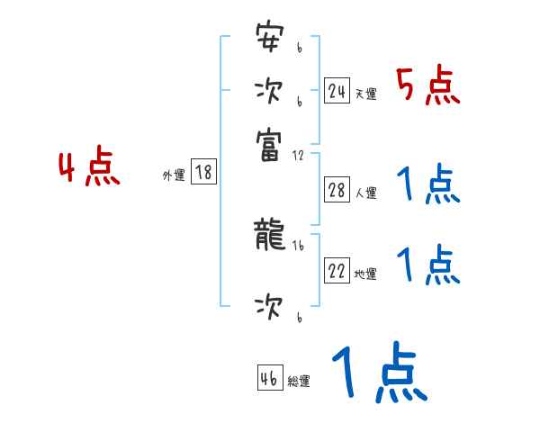 天運![]() | 安次富龍次さんの天運は24画の5つ星!家庭運が良く順調な人生。金運にも恵まれる。 家系が持つ宿命的な運勢を表します。祖先から受け継いだ苗字ですので自分の力が及びません。家柄を象徴します。 |
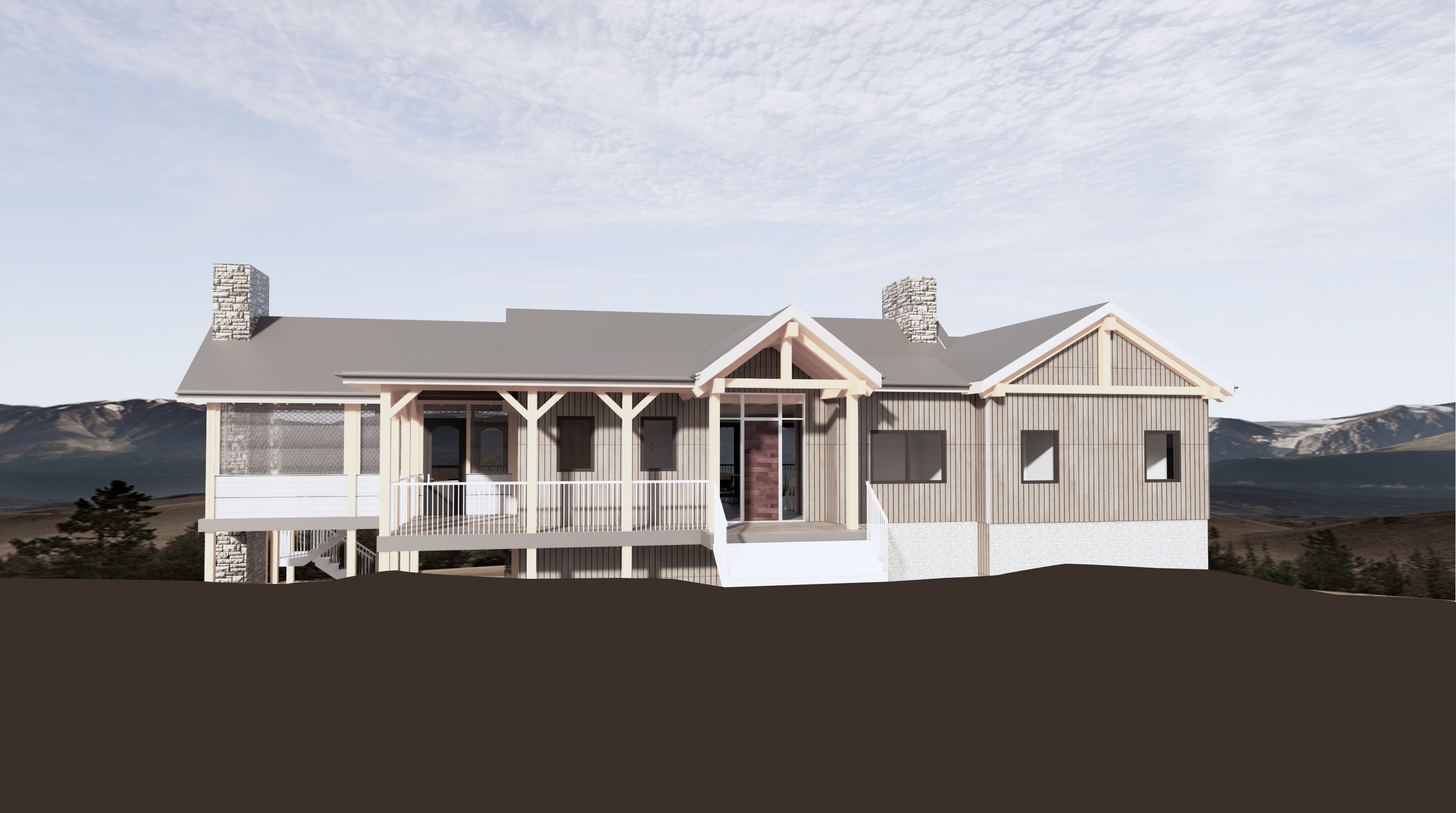 black metal roof dark stained wood wood railings with black steel balusters black window and door frames wood front door dark brown color siding horizontal lap siding and vertical board and batten stone grey tan brown fireplace and stone base screened in porch on left grass in north carolina forest wood front door surrounded by glass on sided and on top in black frame
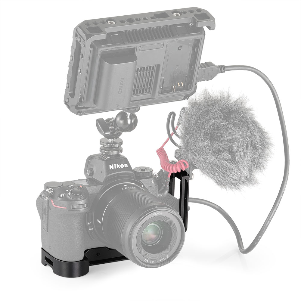 帶有抗扭旋鈕,可防止相機鬆脫。底板在原始握柄上增加了16.5mm的高度,能夠使握持時更加舒適。底板和側板均為Arca快拆板,使相機能進行垂直或水平拍攝。每個軸上都有一傳感器居中線,可將相機對準三腳架,不阻擋相機的電池倉和接口。如果需要更多空間用於拆裝線具,可以將側板向左延伸。底部隨附的六角扳手能快速拆裝L型支架。能與Peak Design手腕帶配合使用,於右側擁有一個手腕帶環。1/4冷靴安裝座1593。底板的正面配有兩個M4螺絲,用於FTZ安裝座2244,用以保護鏡頭。
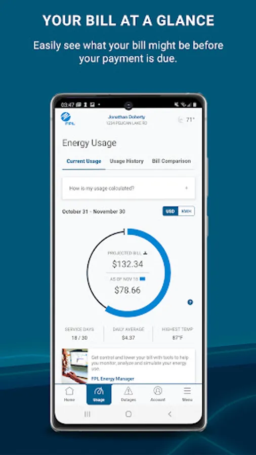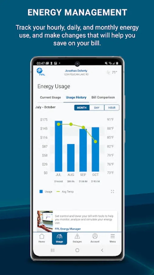 -View your daily energy cost average and quickly see how your bill compares to the previous month
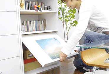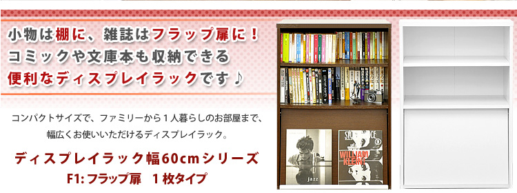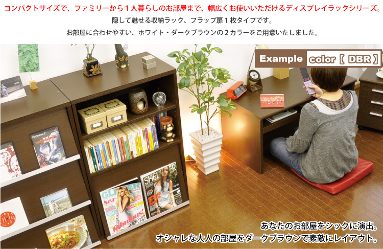 ファミリーから一人暮らしのお部屋まで幅広くお使いいただける、1枚のフラット扉が付いたディスプレイラックです。本やCD、DVDを収納するのに便利です!
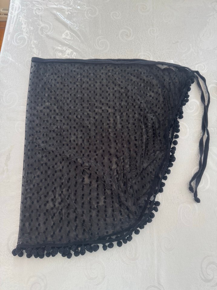 Dantel detaylı, siyah kadın pareo, yumuşak sentetik kumaştan ve ince noktalı desene sahip, bohem ve goth tarzına uygundur.
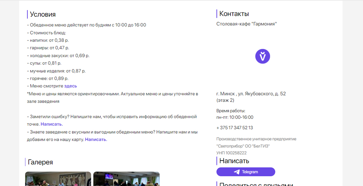 Также на платформе можно сравнить цены на питание в заведениях общепита:
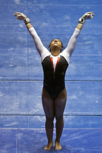 Key moment • Tory Wilson scores a career-high 9.975 on the vault to earn her fourth straight vault title.
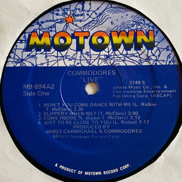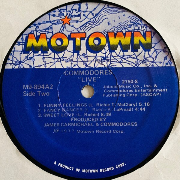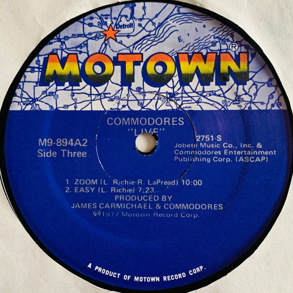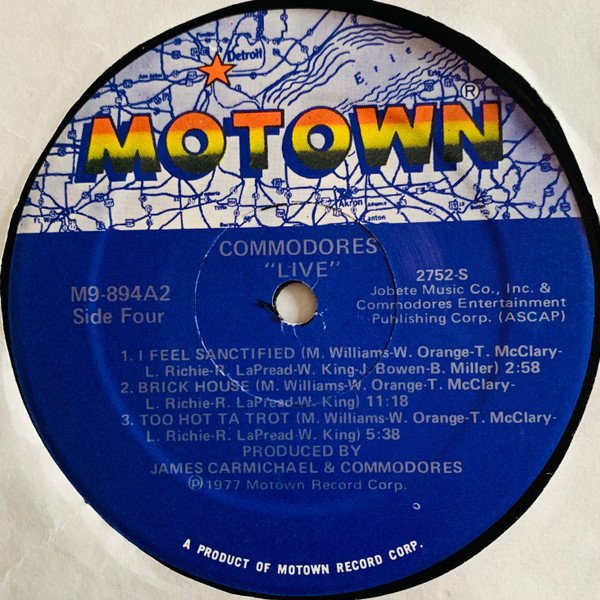 Set is auto-coupled - Record 1 has sides One and Four,/ Record 2 has sides Two and Three The runouts are etched; ▀ stands for something scratched but illegible. Special thanks to James Carmichael, the "humble genius", Cal Harris, the "wizard of audio" and Suzee "Sanchez" Ikeda, the "Kung Fu Queen". Our sincere thanks and gratitude to the following: Quentin Perry, Promoter and Taurus Productions of Atlanta, Georgia. Bill Washington, Promoter and Dimensions Unlimited of Washington, D.C. Commodores' production staff: Lenny Guice, Gary Johnson, Vincent Morgan, Rudy Rotuno, "Hot Dog" Williams and Cecil Willingham. The Mean Machine: David Cochrane, Darrell "DJ" Jones, Harold Hudson and Winston Sims and thank you America!!!!!!!

--

» **Work required**
Your answer is the exact run of lines above from the one with "帶有抗扭旋鈕,可防止相機鬆脫" through the one with "ファミリーから一人暮らしのお", both ends included, minus any picture.

» **Reply**
 帶有抗扭旋鈕,可防止相機鬆脫。底板在原始握柄上增加了16.5mm的高度,能夠使握持時更加舒適。底板和側板均為Arca快拆板,使相機能進行垂直或水平拍攝。每個軸上都有一傳感器居中線,可將相機對準三腳架,不阻擋相機的電池倉和接口。如果需要更多空間用於拆裝線具,可以將側板向左延伸。底部隨附的六角扳手能快速拆裝L型支架。能與Peak Design手腕帶配合使用,於右側擁有一個手腕帶環。1/4冷靴安裝座1593。底板的正面配有兩個M4螺絲,用於FTZ安裝座2244,用以保護鏡頭。
 -View your daily energy cost average and quickly see how your bill compares to the previous month
 ファミリーから一人暮らしのお部屋まで幅広くお使いいただける、1枚のフラット扉が付いたディスプレイラックです。本やCD、DVDを収納するのに便利です!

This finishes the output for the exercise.